Turkish President Recep Tayyip Erdogan arrives for a ceremony at the presidential palace, in Ankara, Turkey, Monday, May 16, 2022. (AP)
Turkish President Recep Tayyip Erdogan arrives for a ceremony at the presidential palace, in Ankara, Turkey, Monday, May 16, 2022. (AP)

Turkish President Recep Tayyip Erdogan has thrown a spanner in the works of Sweden and Finland’s historic decisions to seek NATO membership, declaring that he cannot allow them to join due to their alleged support of Kurdish militants and other groups that Ankara says threaten its national security.

NATO Secretary General Jens Stoltenberg has voiced confidence that the alliance will move to admit Sweden and Finland swiftly. But Erdogan's declaration suggests that the two Nordic countries’ path to membership could be anything but smooth.

Turkey’s approval is crucial because the military alliance makes its decisions by consensus. Any of its 30 member countries can veto a new member.

Erdogan’s government is expected to use the two countries’ membership bids as leverage for concessions and guarantees from its allies.

Here’s a look at Turkey’s position, what it could gain and likely repercussions:

What’s Turkey’s problem with the membership bids?
Turkey, which has NATO’s second largest army, has traditionally been supportive of NATO enlargement, believing that the alliance’s "open door" policy enhances European security. It has for example, spoken in favor of the prospect of Ukraine and Georgia joining.

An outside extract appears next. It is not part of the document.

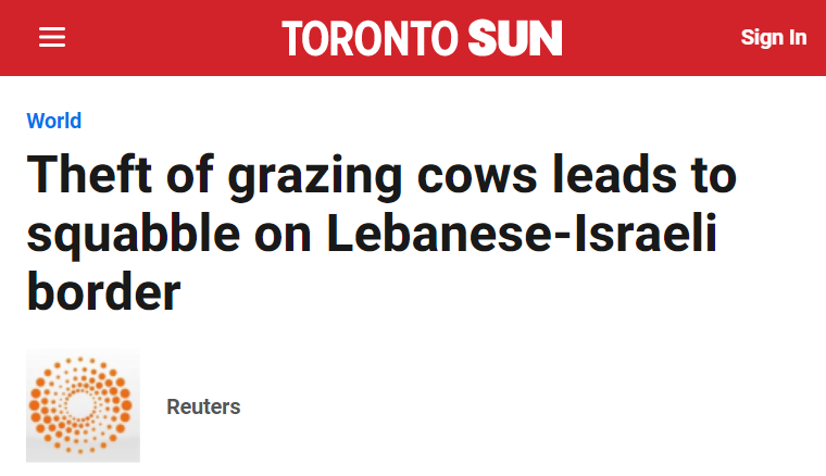 @Reuters headline ("Lebanese herders, Israeli military row over cows grazing near border") changed to make an allegation appear to be a fact,@TheTorontoSun? P.S. Slow news day, anyone?pic.twitter.com/liN8fd2c4m

Erdogan’s objection to Sweden and Finland stems from Turkish grievances with Stockholm’s - and to a lesser degree Helsinki’s - perceived support of the banned Kurdistan Workers Party, or PKK, the leftist extremist group DHKP-C and followers of the US-based Muslim cleric Fethullah Gulen who Ankara claims was behind a failed military coup attempt in 2016.

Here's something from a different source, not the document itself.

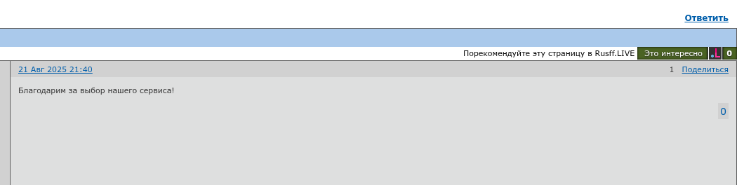 Neo.Neo написал(а):Я Вас очень хорошо понимаю. Но если взять, к примеру, "партнёрку" https://ixbb.ru/, то куда ведёт строчка "тех поддержка" на их Главной? Прямиком сюда. Это и понятно - своей техподдержки у них нет, а на руссфф есть, но она какая-то стрёмная, имхо. Не в обиду сервису будь сказано. Я эти модули ("Это интересно" и "Поделиться") и так отключаю, даже когда они нормально работают. Просто выдала фидбэк со стороны обычного юзера, что и где не работает или работает, но не так. Это ни в коем случае не претензия. Кстати, по поводу "Поделиться": я думала, что эта общая фича от Майбб и для "партнёрок". Впрочем, неважно. Я смотрю, модуль "Поделиться" и у Вас на ЕФП отключён - то ли тоже не "фунциклирует" на десктопе (!), то ли Вы его сами отключили. Проверила на мобильнике - значок (это, кстати, Ваш скрипт) "Поделиться" присутствует.

Many Kurdish and other exiles have found refuge in Sweden over the past decades, as have members of Gulen’s movement more recently. According to Turkey’s state-run media, Sweden and Finland have refused to extradite 33 people wanted by Turkey.

Ankara, which frequently accuses allies of turning a blind eye to its security concerns, has also been angered by restrictions on sales of military equipment to Turkey. These were imposed by EU countries, including Sweden and Finland, following Turkey's military incursion into northern Syria in 2019.

Further justifying his objection, Erdogan says his country doesn't want to repeat a "mistake” by Ankara, which agreed to readmit Greece into NATO’s military structure in 1980. He claimed the action had allowed Greece "to take an attitude against Turkey” with NATO’s backing.

What could Turkey gain?
Turkey is expected to seek to negotiate a compromise deal under which the two countries will crack down on the PKK and other groups in return for Turkish support of their joining NATO. A key demand is expected to be that they halt any support to a Syrian Kurdish group, the Kurdish People’s Protection Units, or YPG. The group is a Western ally in the fight against the ISIS group in northern Syria but Turkey views it as an extension of the PKK.

Erdogan could also seek to use Sweden and Finland’s membership to wrest concessions from the United States and other allies. Turkey wants to return to the US-led F-35 fighter jet program - a project it was kicked out of following its purchase of Russian S-400 missile defense systems. Alternatively, Turkey is looking to purchase a new batch of F-16 fighter jets and upgrade its existing fleet.

Other possible demands could include an end to an unofficial embargo on military sales to Turkey by allies; concessions from EU member countries concerning Turkey’s faltered bid to join the bloc; and increased funds to help the country support 3.7 million Syrian refugees.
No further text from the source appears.